• _THE PROBLEM_
Give back the entire listing exactly as it was provided.

• _INPUT DATA_
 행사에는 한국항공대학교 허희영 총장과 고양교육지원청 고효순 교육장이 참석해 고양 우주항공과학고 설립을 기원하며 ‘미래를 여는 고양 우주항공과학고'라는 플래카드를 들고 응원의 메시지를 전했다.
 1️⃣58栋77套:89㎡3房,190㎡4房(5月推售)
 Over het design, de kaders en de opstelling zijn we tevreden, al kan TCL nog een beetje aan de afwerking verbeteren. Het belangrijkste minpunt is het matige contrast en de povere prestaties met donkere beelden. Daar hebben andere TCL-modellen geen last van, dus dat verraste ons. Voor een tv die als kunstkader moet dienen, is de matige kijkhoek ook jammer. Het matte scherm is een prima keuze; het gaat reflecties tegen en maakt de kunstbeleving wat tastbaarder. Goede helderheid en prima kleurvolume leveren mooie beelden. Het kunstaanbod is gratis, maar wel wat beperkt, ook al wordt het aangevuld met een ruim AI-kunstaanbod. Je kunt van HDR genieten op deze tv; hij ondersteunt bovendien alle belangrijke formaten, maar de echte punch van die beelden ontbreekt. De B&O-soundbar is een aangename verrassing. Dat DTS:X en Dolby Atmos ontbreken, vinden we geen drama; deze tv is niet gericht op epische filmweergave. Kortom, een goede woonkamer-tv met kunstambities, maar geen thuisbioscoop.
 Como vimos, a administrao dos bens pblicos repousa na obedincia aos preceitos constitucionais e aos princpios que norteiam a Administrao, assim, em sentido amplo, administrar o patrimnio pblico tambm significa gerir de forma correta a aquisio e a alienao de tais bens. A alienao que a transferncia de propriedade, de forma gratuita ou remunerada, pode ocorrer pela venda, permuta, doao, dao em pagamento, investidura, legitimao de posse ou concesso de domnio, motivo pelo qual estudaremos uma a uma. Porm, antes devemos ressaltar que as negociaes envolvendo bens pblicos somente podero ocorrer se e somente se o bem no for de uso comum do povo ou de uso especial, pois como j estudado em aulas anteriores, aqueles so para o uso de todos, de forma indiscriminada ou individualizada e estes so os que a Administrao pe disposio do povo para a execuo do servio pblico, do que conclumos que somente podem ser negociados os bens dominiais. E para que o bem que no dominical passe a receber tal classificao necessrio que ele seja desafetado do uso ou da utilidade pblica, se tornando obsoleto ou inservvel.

• _EXERCISE RESPONSE_
 행사에는 한국항공대학교 허희영 총장과 고양교육지원청 고효순 교육장이 참석해 고양 우주항공과학고 설립을 기원하며 ‘미래를 여는 고양 우주항공과학고'라는 플래카드를 들고 응원의 메시지를 전했다.
 1️⃣58栋77套:89㎡3房,190㎡4房(5月推售)
 Over het design, de kaders en de opstelling zijn we tevreden, al kan TCL nog een beetje aan de afwerking verbeteren. Het belangrijkste minpunt is het matige contrast en de povere prestaties met donkere beelden. Daar hebben andere TCL-modellen geen last van, dus dat verraste ons. Voor een tv die als kunstkader moet dienen, is de matige kijkhoek ook jammer. Het matte scherm is een prima keuze; het gaat reflecties tegen en maakt de kunstbeleving wat tastbaarder. Goede helderheid en prima kleurvolume leveren mooie beelden. Het kunstaanbod is gratis, maar wel wat beperkt, ook al wordt het aangevuld met een ruim AI-kunstaanbod. Je kunt van HDR genieten op deze tv; hij ondersteunt bovendien alle belangrijke formaten, maar de echte punch van die beelden ontbreekt. De B&O-soundbar is een aangename verrassing. Dat DTS:X en Dolby Atmos ontbreken, vinden we geen drama; deze tv is niet gericht op epische filmweergave. Kortom, een goede woonkamer-tv met kunstambities, maar geen thuisbioscoop.
 Como vimos, a administrao dos bens pblicos repousa na obedincia aos preceitos constitucionais e aos princpios que norteiam a Administrao, assim, em sentido amplo, administrar o patrimnio pblico tambm significa gerir de forma correta a aquisio e a alienao de tais bens. A alienao que a transferncia de propriedade, de forma gratuita ou remunerada, pode ocorrer pela venda, permuta, doao, dao em pagamento, investidura, legitimao de posse ou concesso de domnio, motivo pelo qual estudaremos uma a uma. Porm, antes devemos ressaltar que as negociaes envolvendo bens pblicos somente podero ocorrer se e somente se o bem no for de uso comum do povo ou de uso especial, pois como j estudado em aulas anteriores, aqueles so para o uso de todos, de forma indiscriminada ou individualizada e estes so os que a Administrao pe disposio do povo para a execuo do servio pblico, do que conclumos que somente podem ser negociados os bens dominiais. E para que o bem que no dominical passe a receber tal classificao necessrio que ele seja desafetado do uso ou da utilidade pblica, se tornando obsoleto ou inservvel.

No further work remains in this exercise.